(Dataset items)

********************

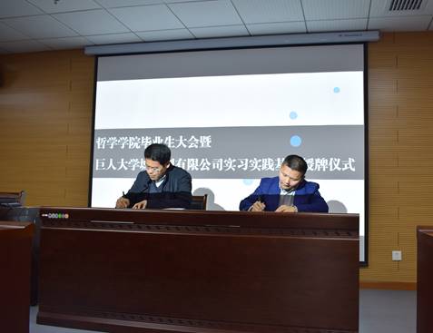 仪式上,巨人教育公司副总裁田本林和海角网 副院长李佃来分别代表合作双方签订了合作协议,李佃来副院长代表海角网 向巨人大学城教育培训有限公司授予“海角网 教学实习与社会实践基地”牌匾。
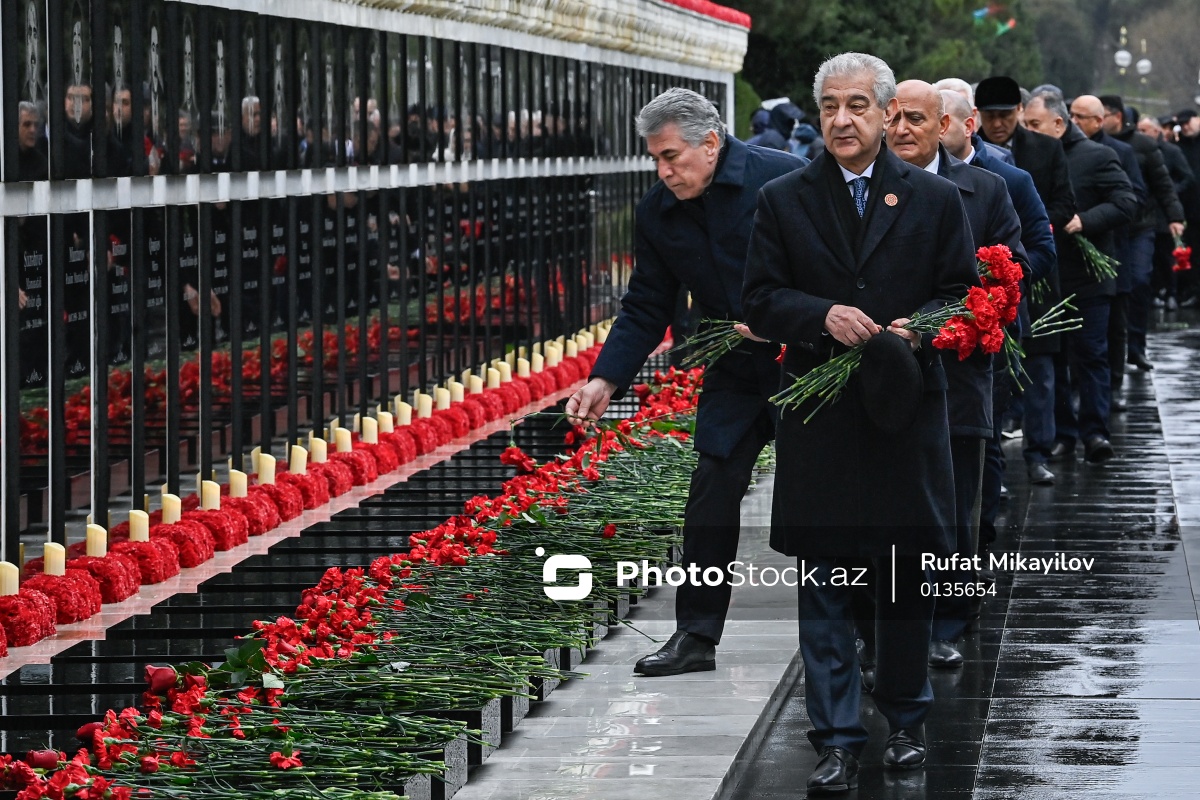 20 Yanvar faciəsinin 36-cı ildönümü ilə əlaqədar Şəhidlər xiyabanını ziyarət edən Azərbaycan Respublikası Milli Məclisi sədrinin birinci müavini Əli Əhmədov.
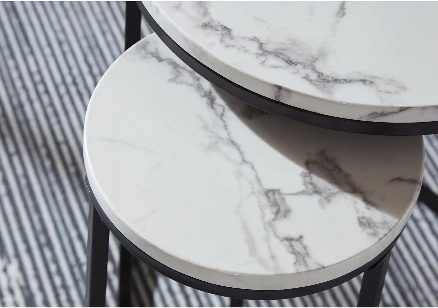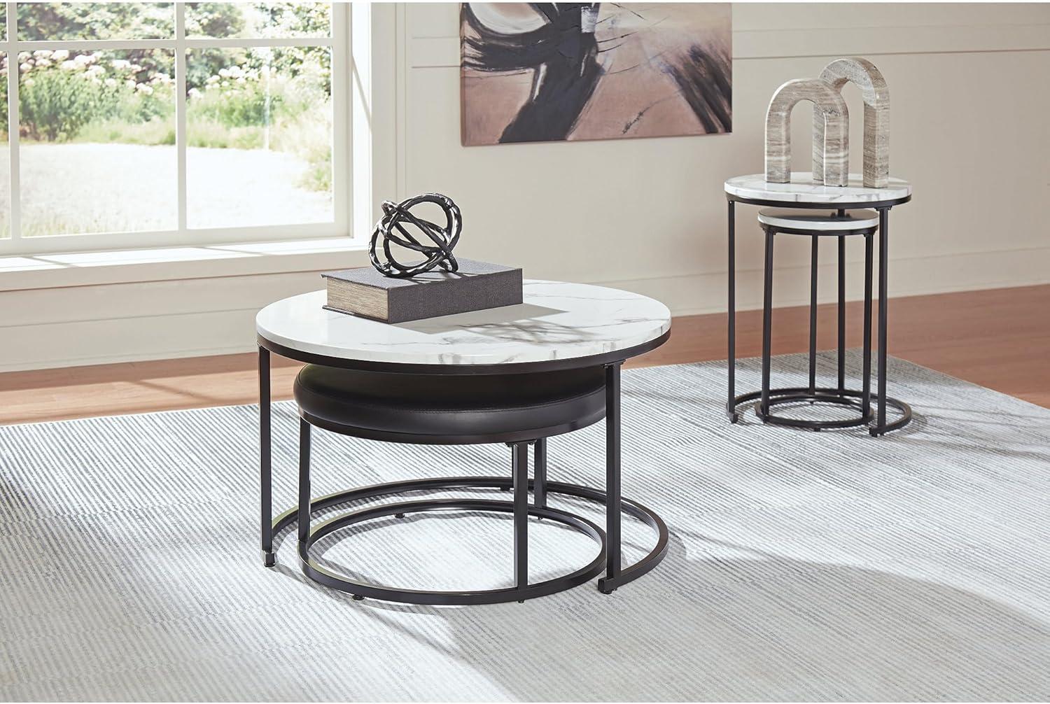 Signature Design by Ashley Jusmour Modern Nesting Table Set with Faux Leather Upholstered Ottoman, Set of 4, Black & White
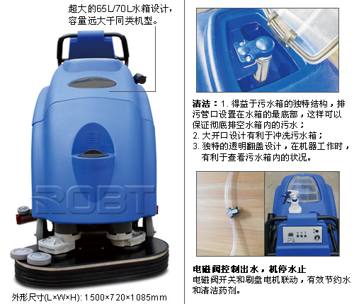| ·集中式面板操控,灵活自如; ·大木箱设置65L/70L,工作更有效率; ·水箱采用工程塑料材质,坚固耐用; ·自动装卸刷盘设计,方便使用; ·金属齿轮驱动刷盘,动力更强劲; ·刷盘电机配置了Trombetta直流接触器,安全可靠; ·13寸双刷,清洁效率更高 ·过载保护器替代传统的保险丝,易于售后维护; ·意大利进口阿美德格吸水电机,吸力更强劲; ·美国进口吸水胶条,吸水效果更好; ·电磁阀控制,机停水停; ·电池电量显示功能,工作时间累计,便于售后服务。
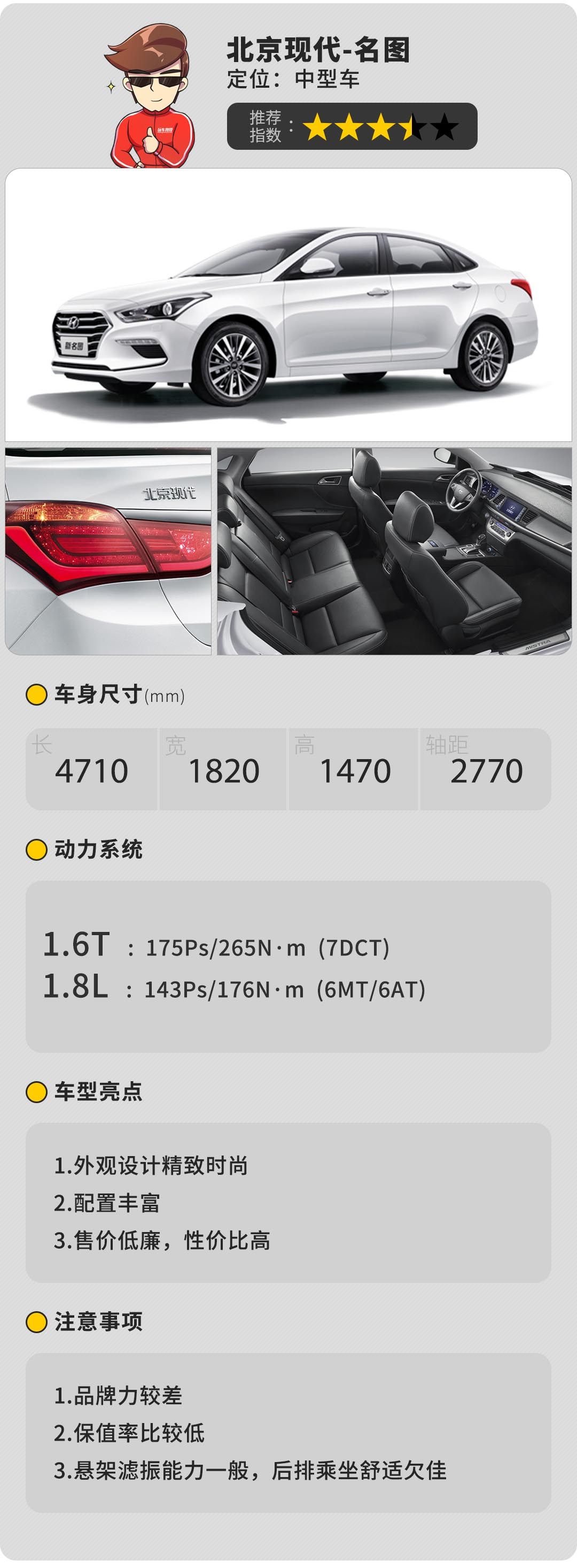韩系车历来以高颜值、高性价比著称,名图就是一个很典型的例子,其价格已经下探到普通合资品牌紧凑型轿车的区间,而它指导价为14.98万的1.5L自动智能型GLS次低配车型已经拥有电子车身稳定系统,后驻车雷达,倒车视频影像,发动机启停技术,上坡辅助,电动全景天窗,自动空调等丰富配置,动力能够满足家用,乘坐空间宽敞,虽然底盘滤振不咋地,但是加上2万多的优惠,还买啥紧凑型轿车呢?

********************

▶ [WORK REQUIRED]: Begin at the line containing "Signature Design by" and transcribe exactly every line through the end of the records, both ends included, leaving the pictures out.

▶ [TASK SOLUTION]:
 Signature Design by Ashley Jusmour Modern Nesting Table Set with Faux Leather Upholstered Ottoman, Set of 4, Black & White
| ·集中式面板操控,灵活自如; ·大木箱设置65L/70L,工作更有效率; ·水箱采用工程塑料材质,坚固耐用; ·自动装卸刷盘设计,方便使用; ·金属齿轮驱动刷盘,动力更强劲; ·刷盘电机配置了Trombetta直流接触器,安全可靠; ·13寸双刷,清洁效率更高 ·过载保护器替代传统的保险丝,易于售后维护; ·意大利进口阿美德格吸水电机,吸力更强劲; ·美国进口吸水胶条,吸水效果更好; ·电磁阀控制,机停水停; ·电池电量显示功能,工作时间累计,便于售后服务。
韩系车历来以高颜值、高性价比著称,名图就是一个很典型的例子,其价格已经下探到普通合资品牌紧凑型轿车的区间,而它指导价为14.98万的1.5L自动智能型GLS次低配车型已经拥有电子车身稳定系统,后驻车雷达,倒车视频影像,发动机启停技术,上坡辅助,电动全景天窗,自动空调等丰富配置,动力能够满足家用,乘坐空间宽敞,虽然底盘滤振不咋地,但是加上2万多的优惠,还买啥紧凑型轿车呢?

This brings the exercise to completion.